In De chemie van de liefde onderzoeken neurowetenschapper Larry Young en journalist Brian Alexander de neurobiologische wortels van de liefde.

Foto: David Martyn Hunt
Foto: David Martyn Hunt

Als crooner Cole Porter zingt ‘What is this thing called love?‘ begrijpen we zijn verzuchting maar al te goed. (En laten we eerlijk zijn: als een man van de wereld als Porter het niet uit kan vogelen, is er dan nog wel hoop voor mindere goden zoals wij?)
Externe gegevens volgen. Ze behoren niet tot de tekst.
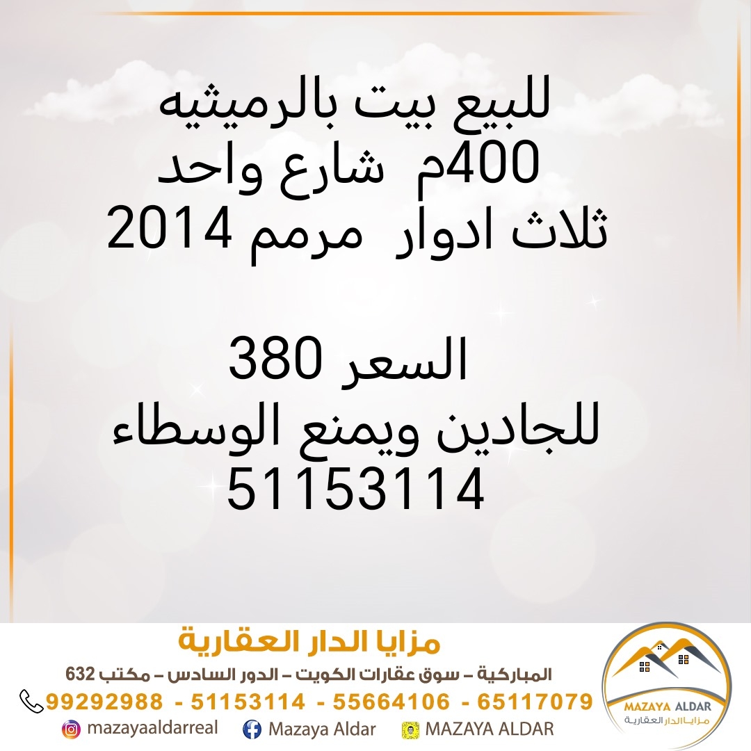 بيت للبيع فى الرميثيه ثلاث أدوار Share ملخص للبيع بيت بالرميثيه ، مساحته 400 متر مربع ، الموقع شارع واحد ، يتكون ثلاث ادوار ، الترميم 2014 ، السعر 380 ألف د.ك للجادين ويمنع الوسطاء التفاصيل حالة: للبيع Page Views الأماكن القريبة من جوجل خصائص ذات صلة للبيع تجربة عنصر للبيع abdulrahman منذ أسبوعين للبيع د.ك111111 شقة تجربة عقار جديد خليل بوست أسرة: 666666 الحمامات: 666666 admin منذ 3 أسابيع Close

Daarom is het bemoedigend om te weten dat neurowetenschappers er in de afgelopen decennia alles aan gedaan hebben om de mysteries van de liefde te ontrafelen, waaronder fenomenen als aantrekkingskracht, monogamie en de band tussen ouder en kind. Ze gebruiken daarvoor technieken als brain imaging, genoombrede associatiestudies en transgene diermodellen. In Chemie van de liefde bieden Larry Young, directeur van het Center for Translational Social Neuroscience van Emory University en journalist Brian Alexander een nieuwe kijk op veel van die onderzoeken.

Stevige hypotheses

Over neurowetenschappelijk onderzoek naar liefde en seks zijn bibliotheken volgeschreven. Een van de punten waarop die boeken vaak bekritiseerd worden, is dat de waarom-vraag overgeslagen wordt. Waarom bestaat monogamie? En waarom zijn sommige mensen eerder geneigd tot ontrouw? In Chemie van de liefde schrikken Young en Alexander er niet voor terug om een paar stevige hypotheses neer te zetten over hoe neurobiologie ons gedrag bepaalt als het gaat om ‘het L-woord’.

Chemie van de liefde. De wetenschap achter liefde, seks en aantrekkingskracht
AANBIEDING Chemie van de liefde. De wetenschap achter liefde, seks en aantrekkingskracht Larry Young & Brian Alexander van € 29,95 voor €10,- Bestel in onze webshop

Door onderzoek te combineren met waar gebeurde verhalen nemen de auteurs de lezer mee op een fascinerend reis langs onder meer stripclubs, Roemeense weeshuizen en laboratoria waar knaagdieren gestimuleerd worden met een verfkwast voorzien van glijmiddel. Deze baaierd aan avonturen voorzien de wetenschap van een schitterende context en illustreren listig alle manieren waarom liefde en seks veranderingen kunnen veroorzaken in de chemie van onze hersenen.

Zelfs wie die de ontwikkelingen in neurobiologisch onderzoek op het gebied van liefde en seks op de voet volgt – en dus de meest beschreven onderzoeken wel zal kennen – zal nog verrast worden door de unieke interpretatie van hoe ze allemaal bij elkaar passen.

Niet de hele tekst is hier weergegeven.